→ **What you have to do**: Range to repeat from the listing below: the line containing "예수의 피밖에 없네 |" down to the line containing "Dieses leistungsstarke Tee", both included. Copy it exactly, pictures excluded, and add nothing else.

→ **Input data**:
════════
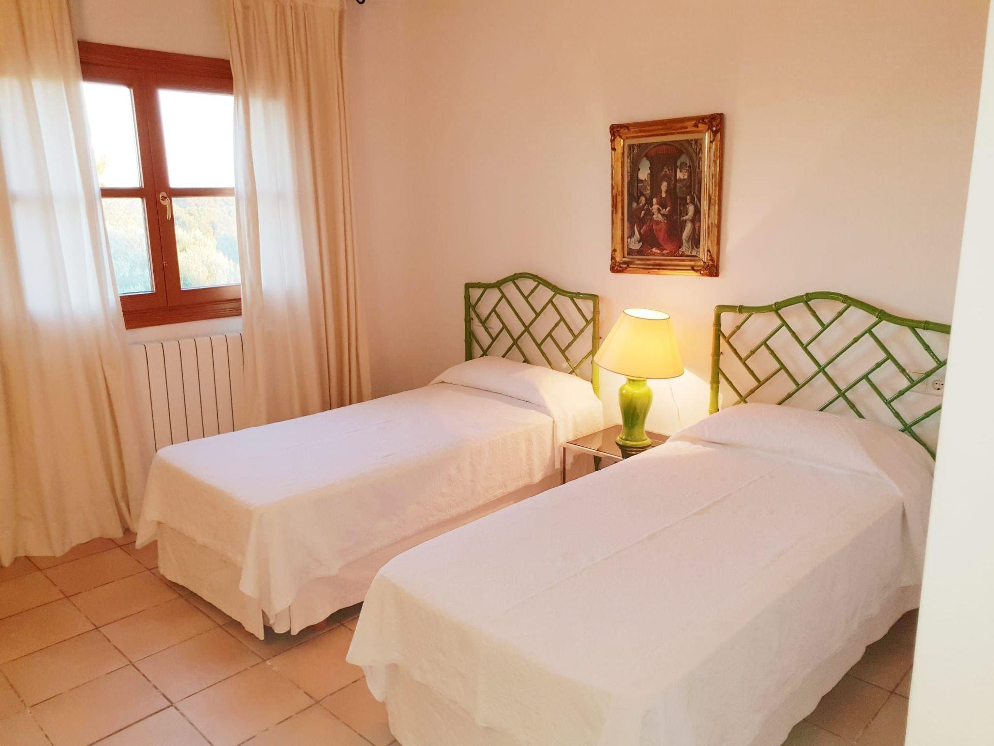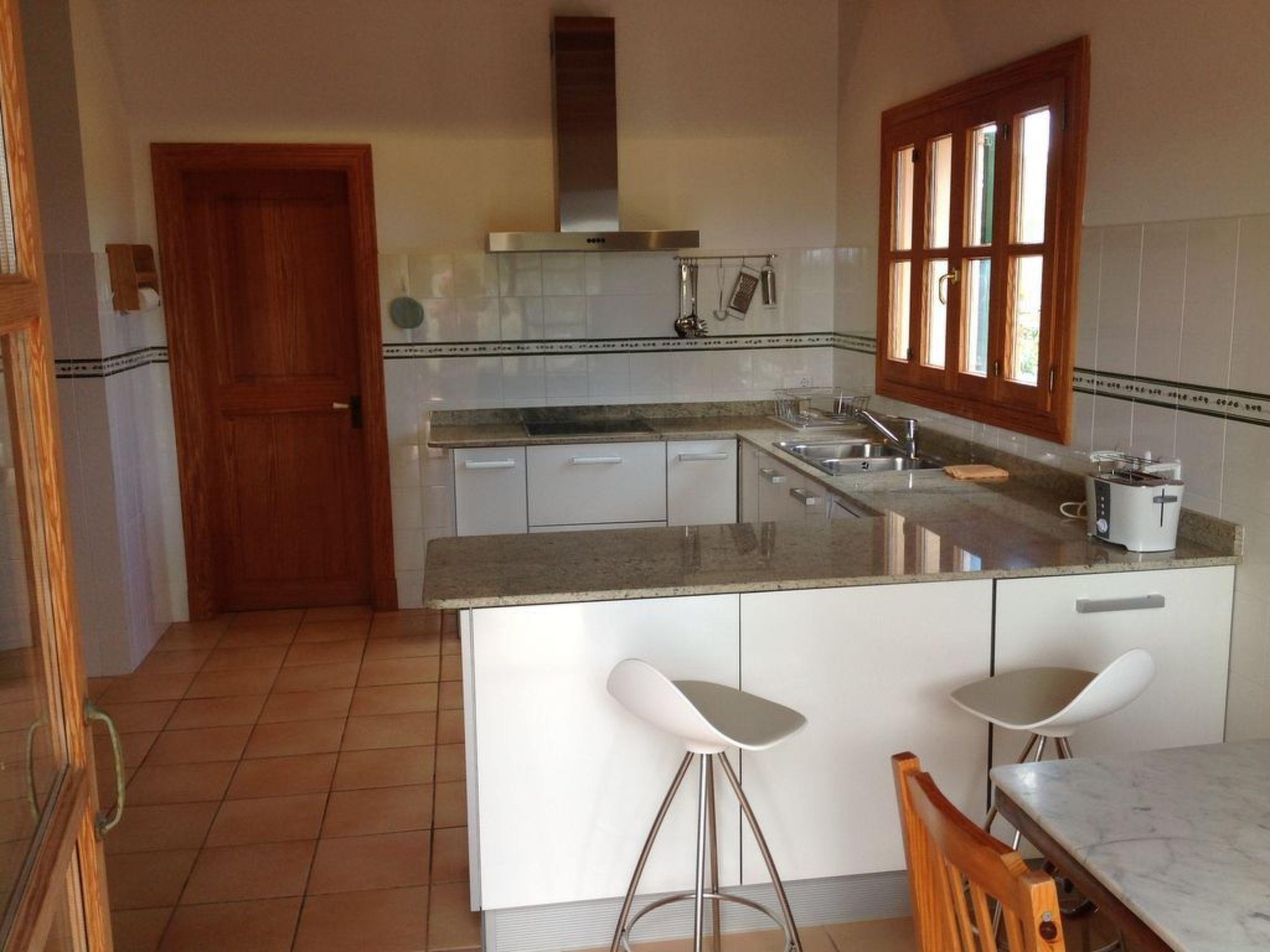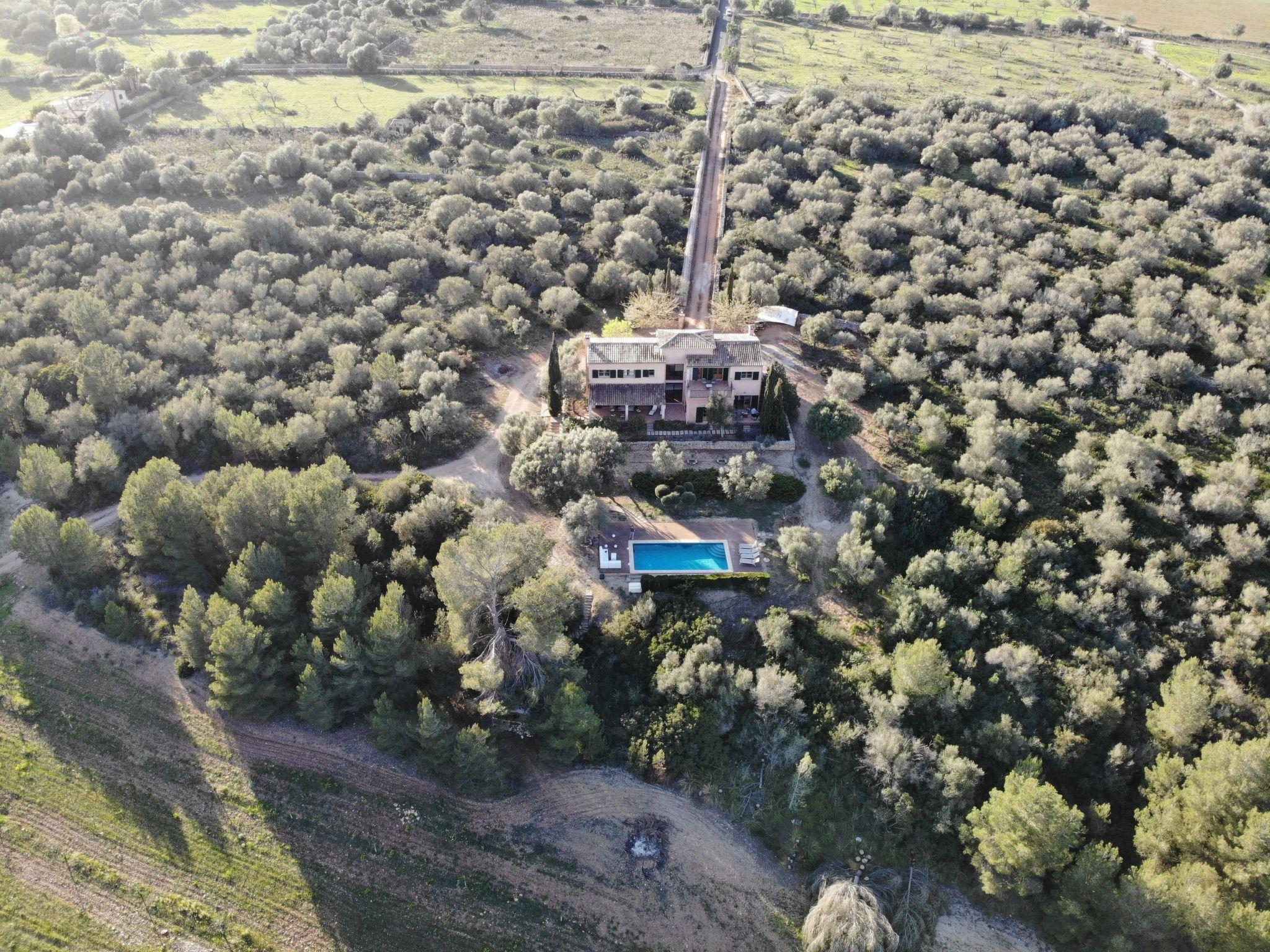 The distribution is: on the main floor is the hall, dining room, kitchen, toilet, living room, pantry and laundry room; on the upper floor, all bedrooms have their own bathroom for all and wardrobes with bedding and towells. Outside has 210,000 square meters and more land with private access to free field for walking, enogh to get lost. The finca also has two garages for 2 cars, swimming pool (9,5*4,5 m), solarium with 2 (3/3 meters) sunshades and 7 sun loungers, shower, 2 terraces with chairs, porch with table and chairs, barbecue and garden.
════════
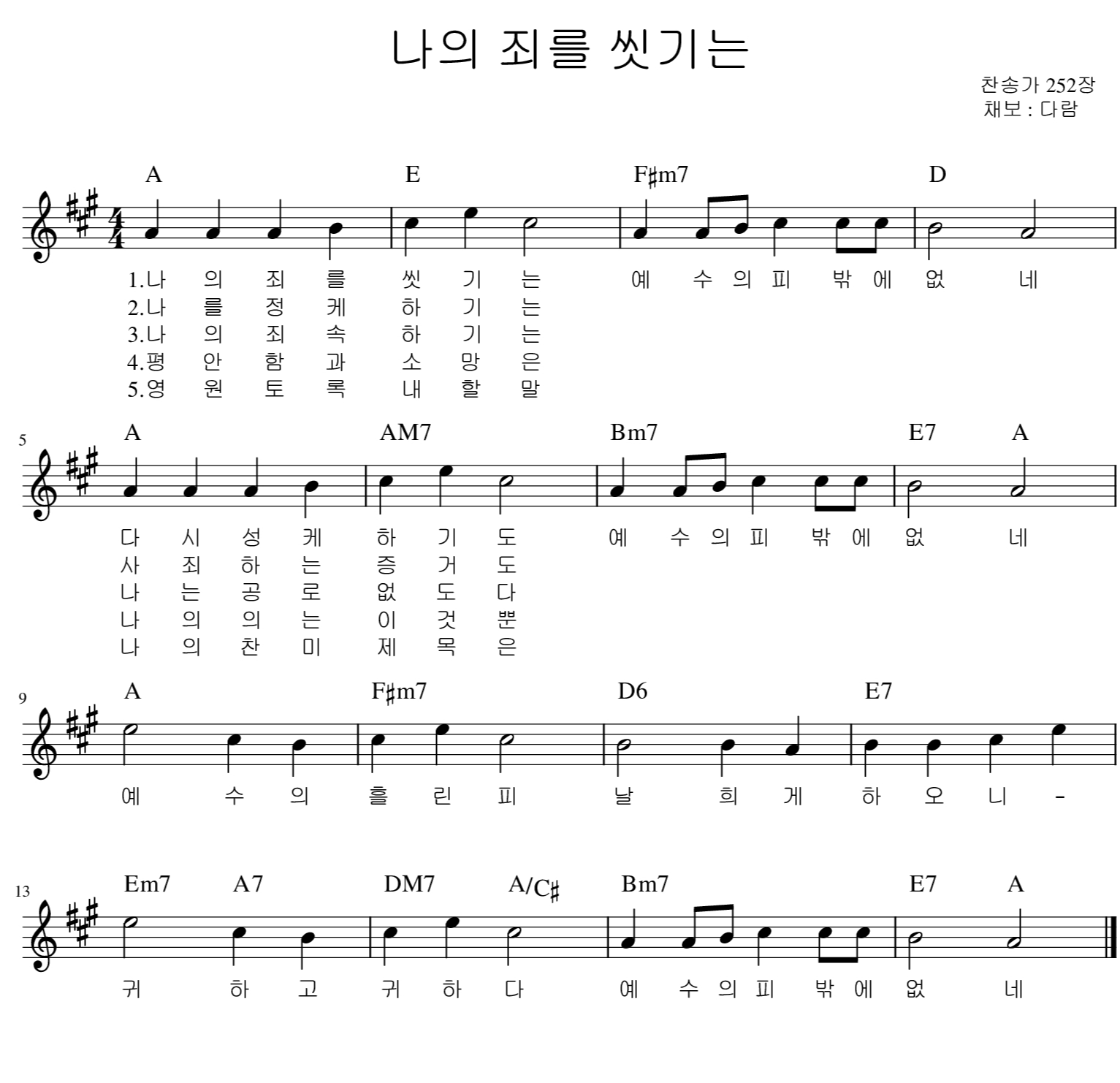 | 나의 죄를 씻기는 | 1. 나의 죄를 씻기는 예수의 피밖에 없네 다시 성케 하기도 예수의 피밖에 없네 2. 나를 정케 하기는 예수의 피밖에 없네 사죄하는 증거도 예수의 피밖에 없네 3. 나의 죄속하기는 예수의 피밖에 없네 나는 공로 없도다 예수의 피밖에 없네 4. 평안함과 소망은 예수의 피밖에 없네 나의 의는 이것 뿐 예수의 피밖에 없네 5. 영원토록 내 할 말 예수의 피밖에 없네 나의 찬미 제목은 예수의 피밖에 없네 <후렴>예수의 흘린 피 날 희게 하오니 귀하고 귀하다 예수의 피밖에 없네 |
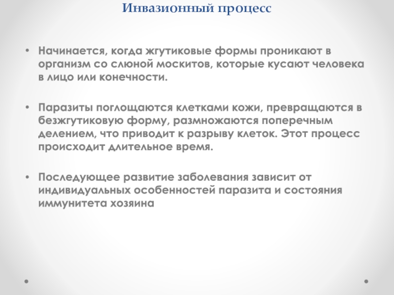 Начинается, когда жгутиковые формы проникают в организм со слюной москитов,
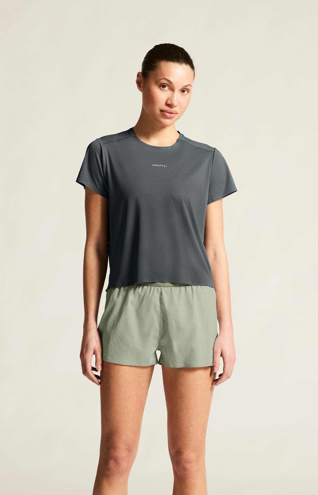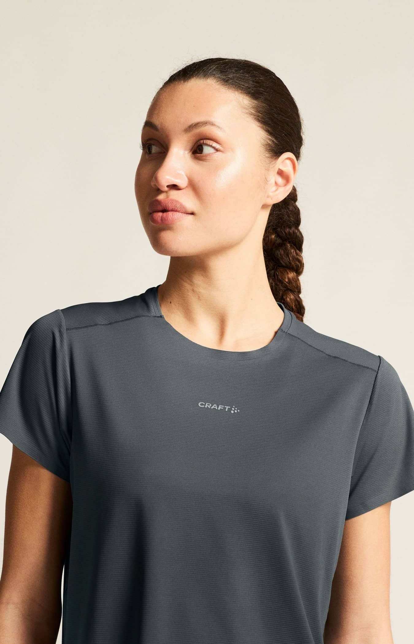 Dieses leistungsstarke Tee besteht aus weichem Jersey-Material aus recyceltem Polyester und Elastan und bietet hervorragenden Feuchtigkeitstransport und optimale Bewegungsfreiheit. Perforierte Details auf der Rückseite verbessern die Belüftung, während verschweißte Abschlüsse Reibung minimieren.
════════
→ **Output below**:
 | 나의 죄를 씻기는 | 1. 나의 죄를 씻기는 예수의 피밖에 없네 다시 성케 하기도 예수의 피밖에 없네 2. 나를 정케 하기는 예수의 피밖에 없네 사죄하는 증거도 예수의 피밖에 없네 3. 나의 죄속하기는 예수의 피밖에 없네 나는 공로 없도다 예수의 피밖에 없네 4. 평안함과 소망은 예수의 피밖에 없네 나의 의는 이것 뿐 예수의 피밖에 없네 5. 영원토록 내 할 말 예수의 피밖에 없네 나의 찬미 제목은 예수의 피밖에 없네 <후렴>예수의 흘린 피 날 희게 하오니 귀하고 귀하다 예수의 피밖에 없네 |
 Начинается, когда жгутиковые формы проникают в организм со слюной москитов,
 Dieses leistungsstarke Tee besteht aus weichem Jersey-Material aus recyceltem Polyester und Elastan und bietet hervorragenden Feuchtigkeitstransport und optimale Bewegungsfreiheit. Perforierte Details auf der Rückseite verbessern die Belüftung, während verschweißte Abschlüsse Reibung minimieren.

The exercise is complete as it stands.